Another problem may occur when reimbursement depends on the severity that is scored for a patient. This may pose an upward bias on the recording of comorbidities in claims databases for example.

The outcomes for prognostic analyses usually suffer from the same limitations as retrospective studies, since usually no pre-defined assessments are made. Outcomes are therefore often limited to survival, although other adverse events can sometimes also be derived.105,394 Strengths of prognostic studies with registry data include large sample sizes, and representativeness of patients (especially with population-based cancer registries). Available large databases may especially be useful for studying predictive relationships of a limited number of predictors with survival.

3.2.6 *3.2.6 Example: Surgical Mortality in Oesophageal Cancer

The SEER-Medicare database was used to analyze 30-day mortality in 1,327 patients undergoing surgery for oesophageal cancer. Predictive patient characteristics included age, comorbidity (cardiac, pulmonary, renal, hepatic, and diabetes), preoperative radiotherapy or combined chemoradiotherapy, and a relatively low hospital volume, which were combined in a simple prognostic score. Validation was done in another registry, and in a hospital series.423

3.2.7 3.2.7 Nested Case–Control Studies

A prospectively designed, nested case–control study is sometimes an efficient option for prediction research. A case–control design is especially attractive when the outcome is relatively rare, such as incident breast cancer.131 For example, if 30-day mortality is 1%, it is efficient to determine predictors in all patients who died, but for example 4% of the controls (1:4 case–control ratio). A random sample of controls is used as comparison for the cases. If the outcome is well defined, such as survival, selection bias cannot be a problem. Assessment of predictors is in retrospect, which is a limitation. If a prediction model is developed, the average outcome incidence has to be adjusted for final calculation of probabilities, while the regression coefficients can be based on the case–control study.131

3.2.8 *3.2.8 Example: Perioperative Mortality in Major Vascular Surgery

An interesting example is the analysis of perioperative mortality in patients undergoing major vascular surgery.340 Predictors were determined in retrospect from a detailed chart review in all cases (patients who died), and in selected controls (patients who did survive surgery). Controls had surgery just before and just after the case. Hence a 1:2 ratio was achieved for cases against controls.

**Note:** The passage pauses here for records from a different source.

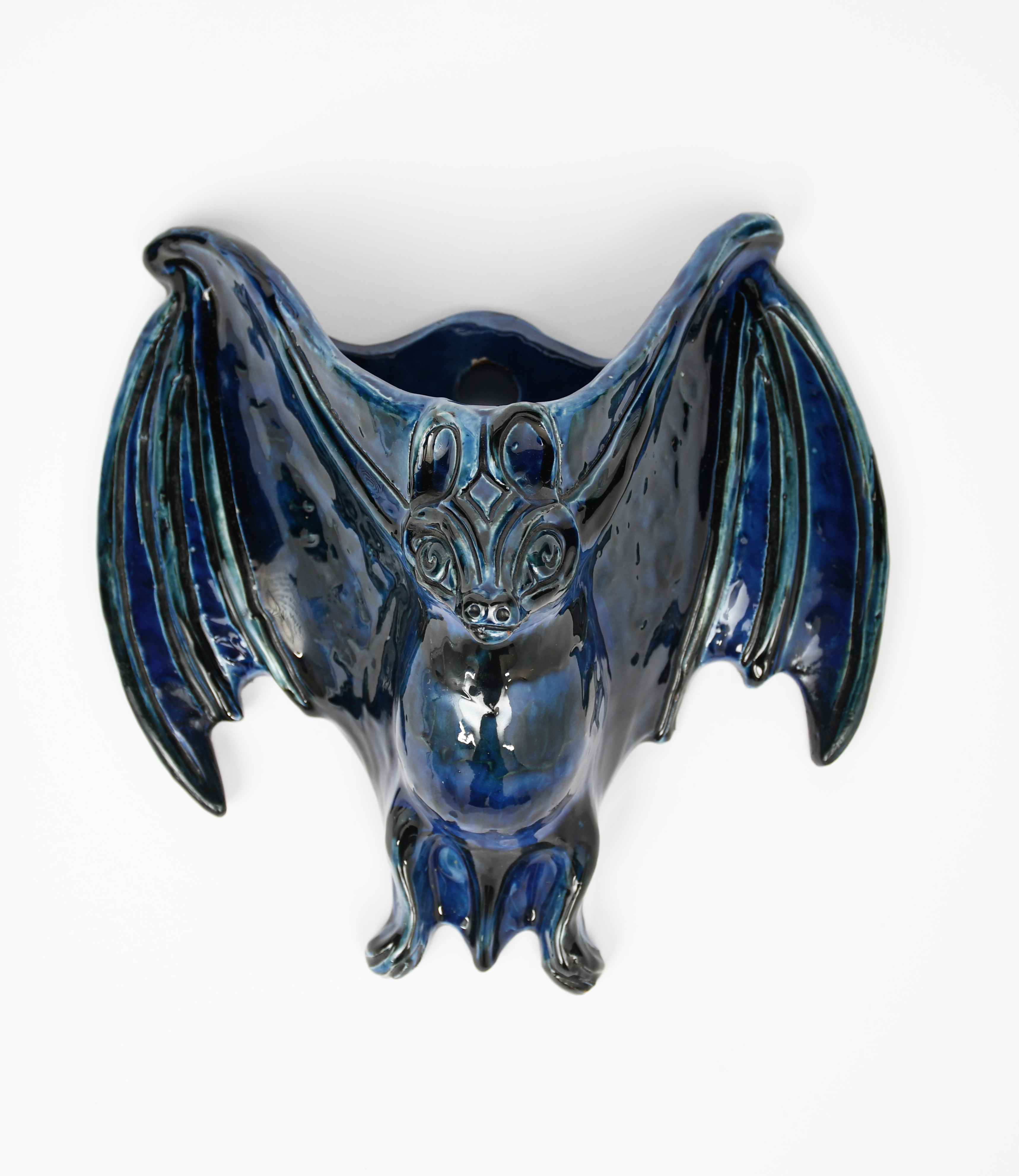 A rare C.H Brannam Barum pottery bat wall pocket, modelled in relief and glazed in shades of blue, incised marks, LC monogram, professional restoration to wings, 20cm. high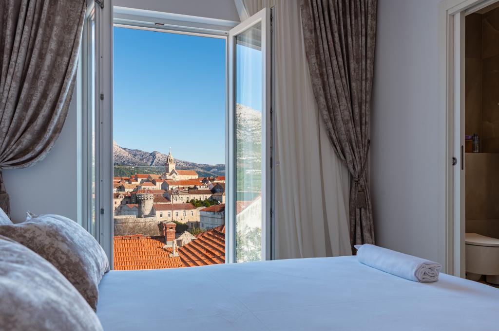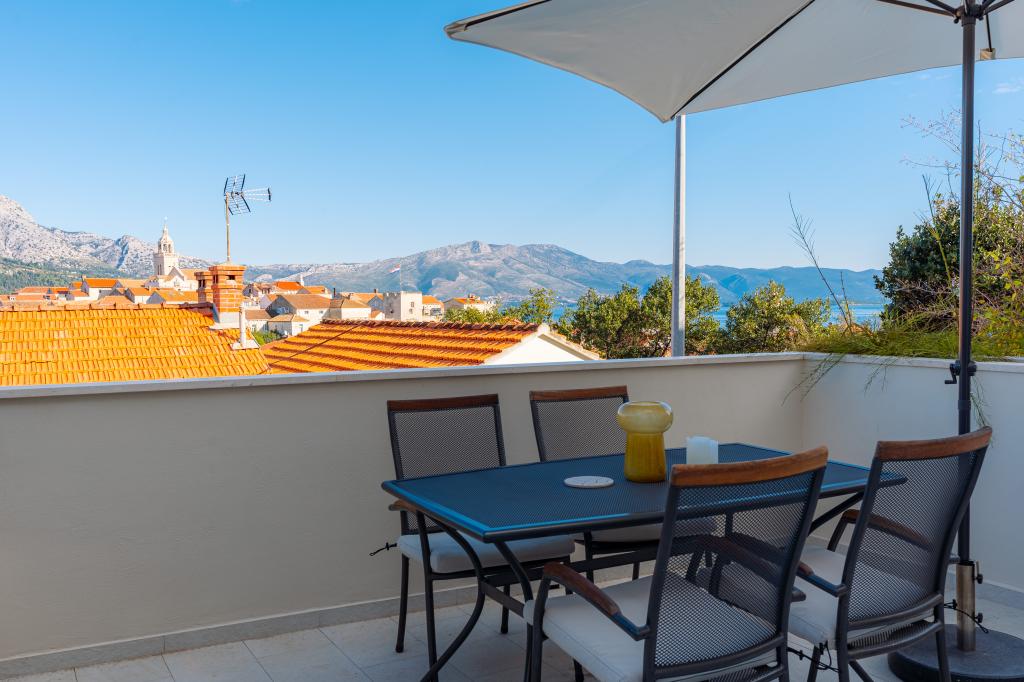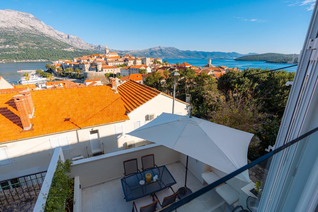 Ubicada en el corazón del casco histórico de Korčula, esta hermosa casa ofrece espectaculares vistas al mar y al casco antiguo. Sus elegantes habitaciones ofrecen comodidad y lujo. La amplia terraza es perfecta para disfrutar de las puestas de sol con una copa de vino local. La proximidad a atracciones culturales, restaurantes, la plaza principal y el mar (a 120 m a pie) permite acceder fácilmente a todos los encantos de la isla. La elección perfecta para unas vacaciones relajantes e inolvidables en una de las islas croatas más hermosas.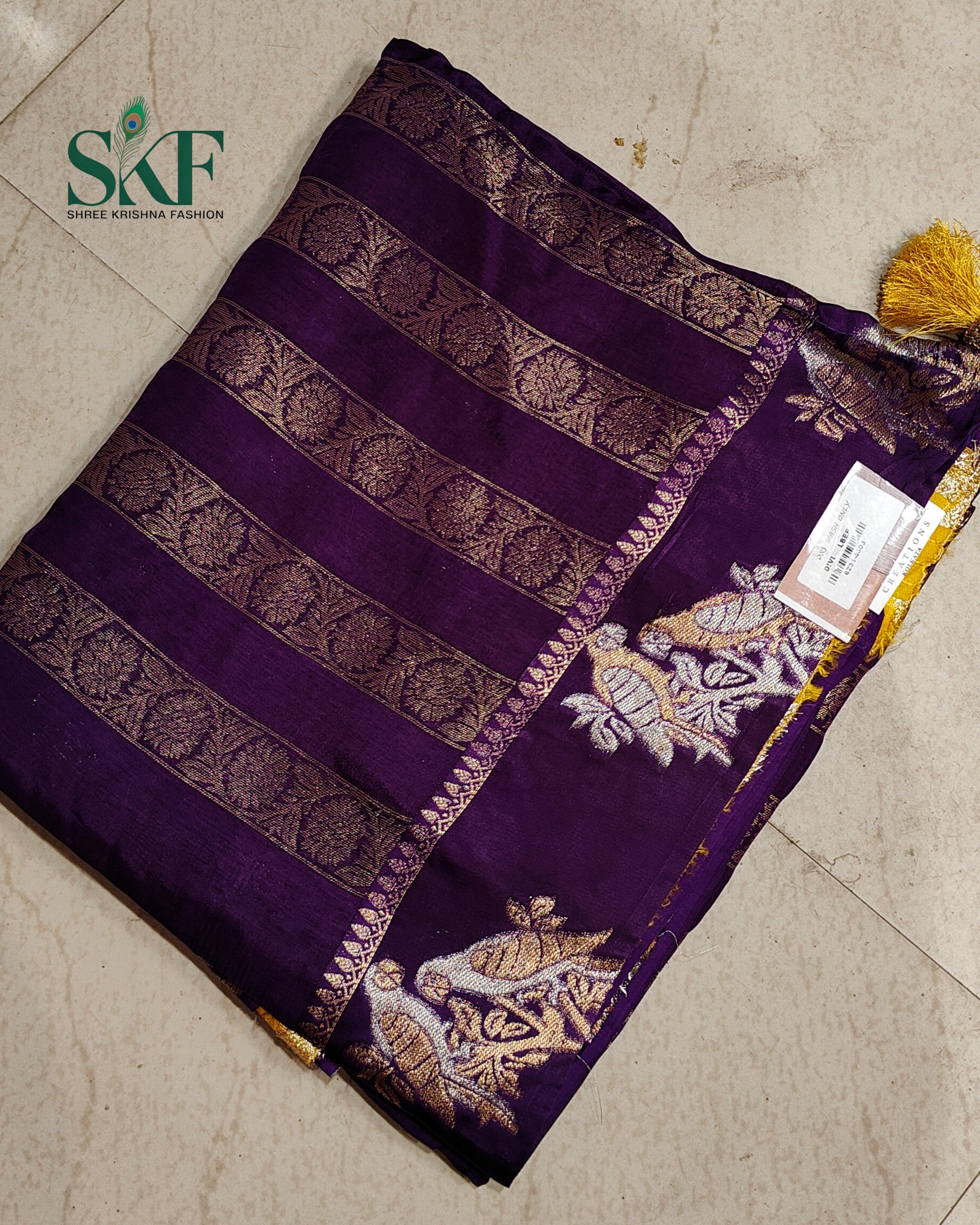 Color: Elegant brinjal purple with eye-catching parrot motif weaving on the border

3.3 3.3 Studies for diagnosis

3.3.1 3.3.1 Cross-Sectional Study Design and Multivariable Modelling

Ideally, a diagnostic study considers a well-defined cohort of patients suspected of a certain diagnosis, e.g. an acute myocardial infarction.238 Such a diagnostic study then resembles a prognostic cohort study. The cohort is here defined by the suspicion of having (rather than actually having) a disease. The outcome is the underlying diagnosis. The study may therefore be labelled cross-sectional, since the predictor–outcome relationships are studied at a single point in time. Several characteristics may be predictive of the underlying diagnosis. For a model, we should start with considering simple characteristics such as demographics, and symptoms and signs obtained from patient history. Next, we may consider simple diagnostic tests, and finally invasive and/or costly tests.295 The diagnosis (presence or absence of the target disease) should be established by a reference test or standard. This test used to be called “gold” standard, but no method is 24 carat gold. The result of the reference test is preferably interpreted without knowledge of the predictor and diagnostic test values. Such blinding prevents the information or incorporation bias.296

A common problem in diagnostic evaluations is the incomplete registration of all predictive characteristics. Not all patients may have undergone the entire diagnostic work-up, especially if they are considered as at low risk of the target disease. Similarly, outcome assessment may be incomplete, if a test is used as a gold standard which is selectively performed.343 These problems are especially prominent in diagnostic analyses on data from routine practice.313 Prospective studies are hence preferable, since these may use a pre-specified protocol for systematic diagnostic work-up and reference standard testing.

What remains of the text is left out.